During this process gasoline is sprayed directly where the combustion chamber is the hottest (rather than in the air intake), allowing for a more thorough, even and leaner burn.

Cleaner burning GDIs emit harmful particulates.

But because of incomplete fuel volatilization, partially fuel-rich zones and the “wetting” of piston and cylinder surfaces, GDI engines produce unwanted particulate matter. Most emissions typically occur during cold start and high load transient conditions during the warm-up phase, but this can vary according to load, drive-cycle phase and driver demands.

While “green” critics remain sceptical about so-called “engine management” methods, believing them to be unreliable compared to exhaust filters, most OEMs and component suppliers expect that combustion design and engineering changes will prove more cost-efficient and eventually equally effective.

Current development indicates that higher fuel pressure, possibly touching on 40MPa,together with new ultra-precision injectors will greatly improve future GDI systems. To further optimise the system engineers will also continue to improve injector timing, targeting, metering and atomization.

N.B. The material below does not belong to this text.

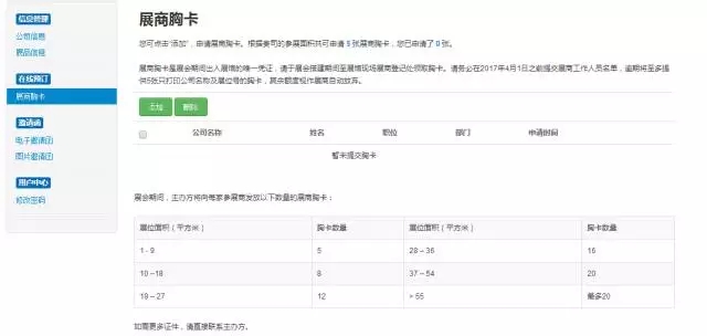 填寫展位工作人員信息,訂制專屬的展商胸卡,彰顯展會VIP身份。

In a recent study, published by the SAE, it was established that an increase in fuel system pressure improved the homogeneity of the mixture and reduced the tip diffusion flame thereby significantly reducing particulate emissions under homogenous combustion in a GDi engine.

Furthermore, as a result of the enhanced intake charge motion at fuel pressures of between 20 MPa to 40 MPa a further reduction of particulate emissions was achieved.

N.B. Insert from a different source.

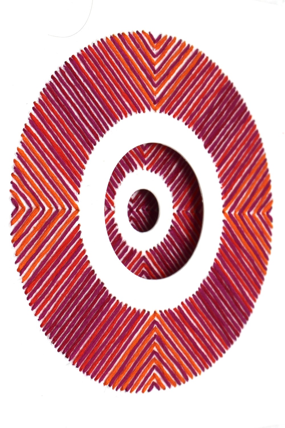 Thread, foam board, watercolor paper; 8" x 8" framed

As indicated by the combustion data, an increase in fuel pressure has a significant impact on the reduction of combustion emissions as well as improving fuel consumption.

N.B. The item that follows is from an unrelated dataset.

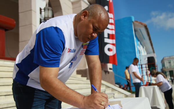 Deivy Pérez Martín, miembro del Comité Central del Partido Comunista de Cuba, plasmó su firma por la Patria.

However for a GDi system to operate optimally it’s important that, during the design and testing phase the pressure of the fuel in the common rail (CR) is correctly measured so that the ECU can be mapped accordingly.

Measurement of CR fuel pressure is key to lower particulate emissions.

Direct injection pressure is measured with sensors, and the signals are used to determine pump speed and/or volume.

Most direct injection systems use piezo-resistive pressure sensors on the low side of the system. The silicone chip element generates a measurable electrical voltage when pressure is applied, increasing as pressure increases.

On the high-pressure side sensors usually use a metallic membrane on a resistance bridge. When pressure is applied, the bridge generates a change in resistance that results in a change in the applied voltage. The Electronic Control Module (ECM) transforms the voltage into a calculated pressure, generally to within a ±2% accuracy.

To maintain the correct pressure, the ECM pulses the low-pressure pump. The system typically has a regulator and no return lines. Some systems even have integrated temperature sensors in the lines that are used to calculate the density of the fuel so that the fuel trim can be tuned to the amount of energy in the fuel.

To ensure accurate measurement of the line pressure it’s important that high precision pressure transmitters are used to map the pressure within the CR under all engine and load conditions. Any errors in this process can result in incorrect modulation of CR pressure which in turn can result in serious abnormalities, such as cylinder wash which can occur if the CR mean pressure exceeds the injector design pressure when fuel delivery is increased at high loads.

Additionally, with the introduction of the harmonized driving cycle OEMs will be under renewed pressure to meet emissions targets set by regulators, and GDI spark ignition engines will be at the forefront of a new generation of green technologies. However, for this technology to meet upcoming legislation particulate emissions need to be reduced, largely through the accurate control of the CR fuel pressure.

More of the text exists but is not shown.